Ten-year-old Oscar was diagnosed with Tourette syndrome and functional neurological disorder last year by the Tourette syndrome Clinic at Great Ormond Street Hospital. Oscar started having vocal and motor tics, but then began to have episodes where he would drop to the floor- up to 100 times a day at its worst.
His mum Suzanne explains: “We were aware of Tourette syndrome because our daughter has it and thought that it must be Tourette’s. However, these drops weren’t something any of us had come across before. He was referred to a neurologist at GOSH who diagnosed him with Tourette syndrome together with a functional neurological disorder”.
“It was explained to us that the drops were separate to his tics and in fact a manifestation of the stress or anxiety. The Tourette syndrome had had a huge impact on his confidence; he had to take time off school and he often didn’t want to go out anywhere.”
That’s when Oscar met GOSH Senior Psychologist Dr Maria Hadji- Michael, who started Oscar on a 12 week programme of Cognitive Behavioural Therapy with Exposure and Response Prevention (ERP) which gave him the opportunity to confront his fears and to gradually learn to resist having his usual response to the anxiety. These tasks were part of a tailored treatment plan specific to Oscar.
Suzanne says: “He started to have real anxiety around lifts so would always use the stairs. He also never wanted to go out in public because he thought people would think he was strange when he made noises or movements. The impact anxiety can have on you is enormous.”
Happy to be on camera
Despite his anxiety, when Suzanne asked Oscar if he’d be happy for Paul O’Grady and a film crew to come and join him as he carried out some of his exposure tasks, he leapt at the chance. Oscar went on to complete a number of exposure tasks including doing a presentation on Tourette syndrome, taking Paul O’Grady to the shops and even facing his fears around lifts.
“When I put it to Oscar, I thought, he doesn’t want to leave the house let alone be filmed for the TV, but he absolutely leapt at the opportunity. I really think having Paul and the crew there really added to the amazing treatment given by Maria and the team. It brought him out of his shell and buoyed him up. He absolutely loved it.

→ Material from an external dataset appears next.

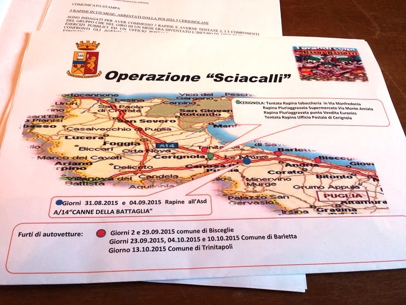In particolare, al gruppo dei rapinatori vengono contestati i seguenti reati: una rapina aggravata nei confronti di un distributore carburanti e all’esercizio commerciale collegato dell’area di servizio dell’autostrada A14 Canne Sud (Canosa) del 4 settembre 2015; la tentata rapina di una tabaccheria a Cerignola e le rapine consumate presso il supermercato Gm e l’esercizio commerciale Euronics, di Cerignola, il 21 settembre; la tentata rapina presso l’ufficio Postale centrale di Cerignola, l’8 ottobre 2015; i furti aggravati di sei autovetture, poi utilizzate durante le rapine. Inoltre, nel corso dell’attività di polizia, sono state sventate alcune rapine in fase di preparazione. Il bottino variava da poche centinaia sino a 2.000 euro, somme non altissime, ma per accaparrarsi le quali i rapinatori non esitavano a ricorrere a modi violenti, coperti da guanti e passamontagna, ed armati di coltelli, mazze e pistole.

“The Psychological Medicine Team at Great Ormond Street Hospital also ran a group session so Oscar could meet other children with Tourette syndrome and we got to meet their parents. It was really nice to share our experiences and realise we aren’t alone.”
The future for Oscar
Having finished his therapy, Oscar is now much more confident and his anxiety has reduced considerably, so much so that he rarely experiences drops.
Suzanne says: “I think a lot of people think Tourette syndrome is just swearing and actually it’s not at all. I really hope people watch the programme and take that message away with them. Anxiety is a mental health condition and a lot of people aren’t aware of how severely it can impact your life. It’s a lot more than just being worried. Thankfully Maria did some amazing work with Oscar to delve into what was causing him to be anxious so now he has some great coping techniques. I’m incredibly proud of his progress and how brave he has been.”